深いトコロを「伝える技術」 (4)

菊間千乃さん:思いを込めた「遺言書」で相続トラブルを防ぐ

執筆者:フォーサイト編集部 2025年2月11日
タグ: 日本
遺言書は家族に対する人生最後のラブレター(写真は本人提供)

――遺言書は人生最後のメッセージを伝える大事な書類ですが、実際に書いたことある人は少ないように思えます。

 遺言書は、被相続人(亡くなった方)の方が、自分の想い通りの遺産相続を実現するため、そして、遺された家族が争うことなく、速やかに相続手続きを進めることができるようにするために、作成しておくとよい書類です。

 特に遺産を法定相続分に従って分けたくない場合は、遺言書を書いておく必要があります。例えば、相続先の子供たちが2人兄弟で、一方に多く財産を残したい、自治体や特定非営利活動法人(NPO法人)など自分の思いを実現してくれるような組織に遺贈寄付したい場合などは、遺言書を作成することで、自分の意思通りの相続が行われる可能性が高くなります。

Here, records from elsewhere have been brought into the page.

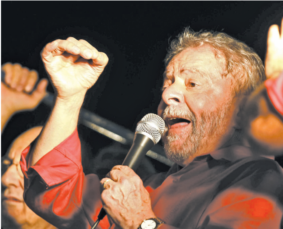
Caiu - Rejeição ao ex-presidente atinge nível recorde (57%), segundo pesquisa do Datafolha publicada ontem
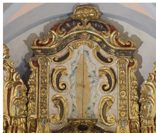
Detall de la data
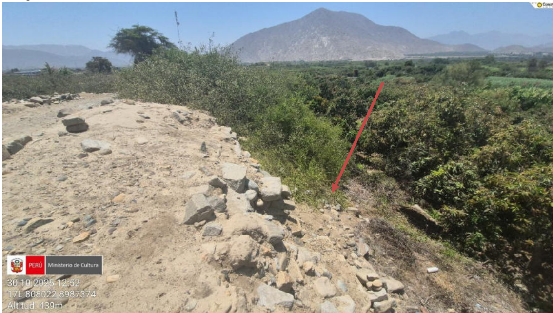
Imagen 01: vista detalle del lado norte donde las áreas agrícolas están menoscabando directamente a los muros arquitectónicos prehispánicos.
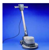
Jednotarczowa Maszyna SRP1
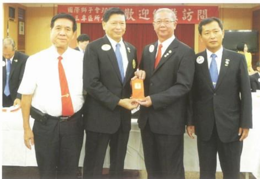
本會捐贈「CITF基金」， 駱總監代表接受

 一方で、被相続人の想いのままに、法定相続とは異なる内容だけが書かれた遺言書を作成しても、私の実務の経験上、高い確率で、遺族間の遺産を巡るトラブルに発展してしまうのではないかと思います。

著書に『おひとりさま・おふたりさまの相続・終活相談』がある菊間千乃氏は、弁護士として多くの相続案件に携わってきた。遺言書は「最後のラブレター」だという菊間氏に、法的拘束力を持ちながら、自分の意思をしっかりと伝える遺言書の書き方について話を聞いた。